In Illumina sequencing, adapter sequences will only occur at the 3’ end of the read and only if the read length is longer than the insert size:

../../_images/trimm_length.jpeg

However, in the case of miRNAs, there will be adapter contamination in the 3’ reads but also in the 5’, due to their short nature. As the adapters are synthetic they need to be removed. Note that, the 3’ adapter of the R2 will be the same as the 5’ of R1, and the 5’ of R2 will be the same as the 3’ of R1.

The adapter sequences must be introduced by the user to be trimmed, using the parameters --adapters_a and --adapters_A, for the adapters attached to the 3’ of read 1 and read 2 correspondingly, see this section.

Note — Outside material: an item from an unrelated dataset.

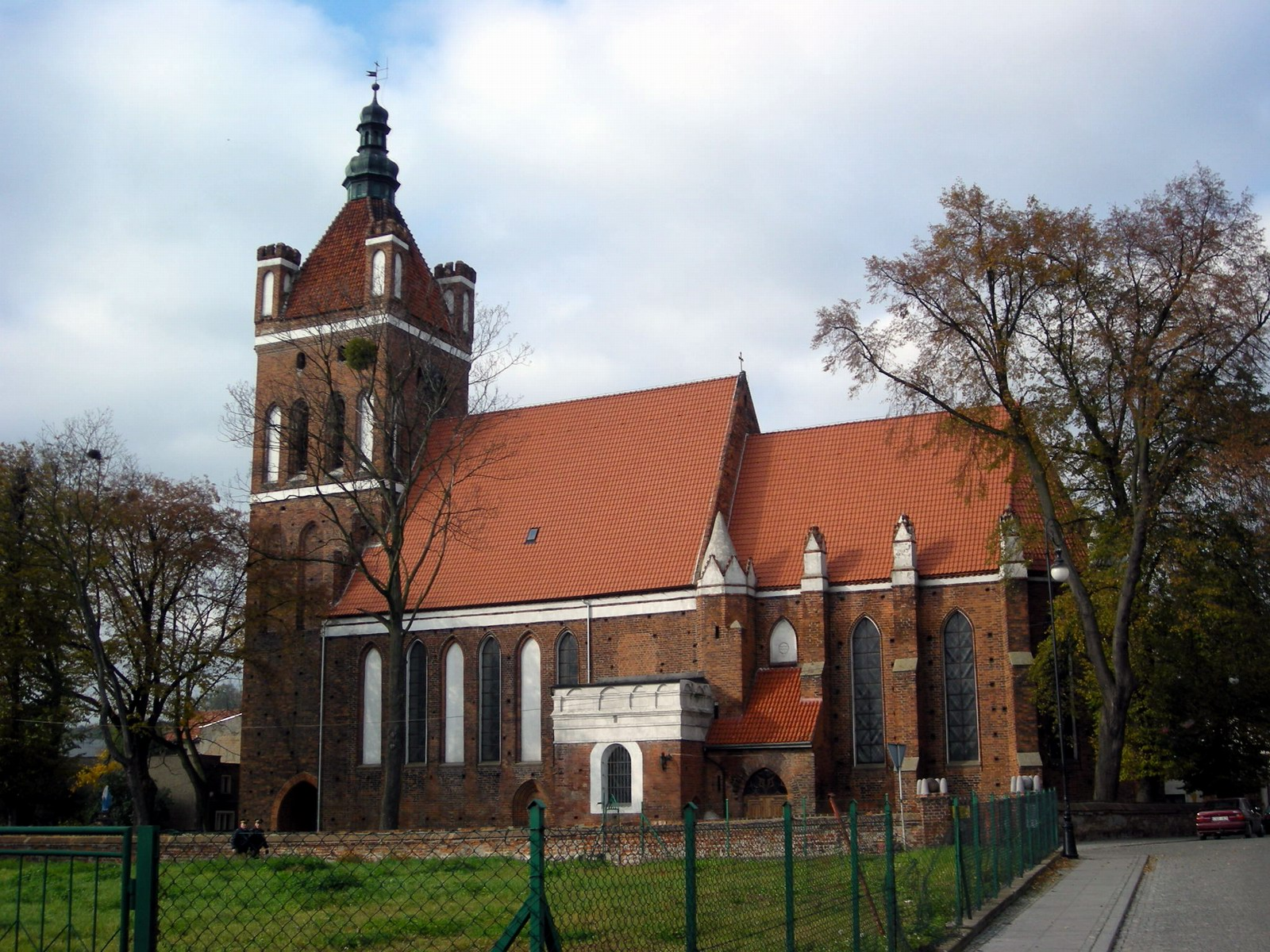 The church in Golub-Dobrzyń, Poland.

The process is done by the software Cutadapt.

How to run the trimm module

Executing the following:

XICRA trimm -h

The different options and parameters for this module should appear in the command line prompt:

Module XICRA trimm help
Parameters

--help (-h) – Show this help message and exit.

Module XICRA trimm Input/Output
Parameters
  • --input – Folder containing a project or reads, according to the mode selected. Files could be .fastq/.fq/ or fastq.gz/.fq.gz. See –help_format for additional details. REQUIRED.

  • --output_folder – Output folder.

  • --single_end – Single end files. Default mode is paired-end. Default OFF.

  • --batch – Provide this option if input is a file containing multiple paths instead a path.

  • --in_sample – File containing a list of samples to include (one per line) from input folder(s). Default OFF.

  • --ex_sample – File containing a list of samples to exclude (one per line) from input folder(s). Default OFF.

  • --detached – Isolated mode. –input is a folder containing fastq reads. Provide a unique path o several using –batch option.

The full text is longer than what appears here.